[Python-ideas] dict.merge(d1, d2, ...) (Counter proposal for PEP 584)
Guido van Rossum
guido at python.org
Thu Mar 21 12:11:18 EDT 2019
On Thu, Mar 21, 2019 at 7:45 AM Antoine Pitrou <solipsis at pitrou.net> wrote:
> On Tue, 5 Mar 2019 16:39:40 +0900
> INADA Naoki <songofacandy at gmail.com>
> > I think some people in favor of PEP 584 just want
> > single expression for merging dicts without in-place update.
> > But I feel it's abuse of operator overload. I think functions
> > and methods are better than operator unless the operator
> > has good math metaphor, or very frequently used as concatenate
> > strings.
> > This is why function and methods are better:
> > * Easy to search.
> > * Name can describe it's behavior better than abused operator.

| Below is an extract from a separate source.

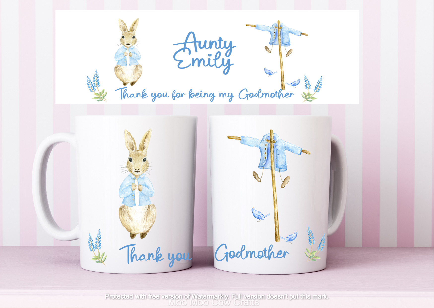 A lovely little Peter Rabbit inspired mug to say thank you for a new godparent. The mug can be personalised to say whatever name you would like and changed to Godfather. Just advise the recipient’s name if you’d like it to be personalised and it will be printed exactly as you provide so please pay particular attention to spelling.

> > * Simpler lookup behavior. (e.g. subclass and __iadd__)
> > Then, I propose `dict.merge` method. It is outer-place version
> > of `dict.update`, but accepts multiple dicts. (dict.update()

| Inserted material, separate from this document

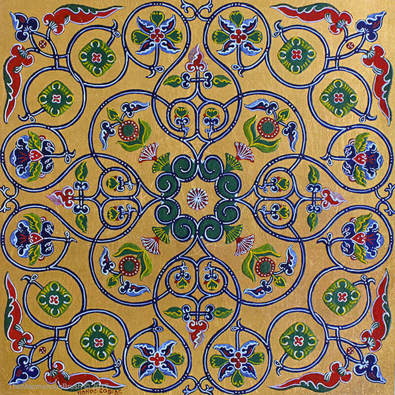 Folliage and scrolls decorative design. Illumination inspired by the epititlos of a manuscript from Mount Athos.

> > can be updated to accept multiple dicts, but it's not out of scope).
> > * d = d1.merge(d2) # d = d1.copy(); d.update(d2)

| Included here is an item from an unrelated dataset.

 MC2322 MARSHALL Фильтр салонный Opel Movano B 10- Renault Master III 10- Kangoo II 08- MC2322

> One should also be able to write `d = dict.merge(d1, d2, ...)`
> If dict merging is important enough to get a new spelling, then I think
> this proposal is the best: explicit, unambiguous, immediately
> understandable and easy to remember.
I don't find it easy to understand or remember that d1.update(d2) modifies
d1 in place, while d1.merge(d2) first copies d1.
Maybe the name can indicate the copying stronger? Like we did with sorting:
l.sort() sorts in-place, while sorted(l) returns a sorted copy.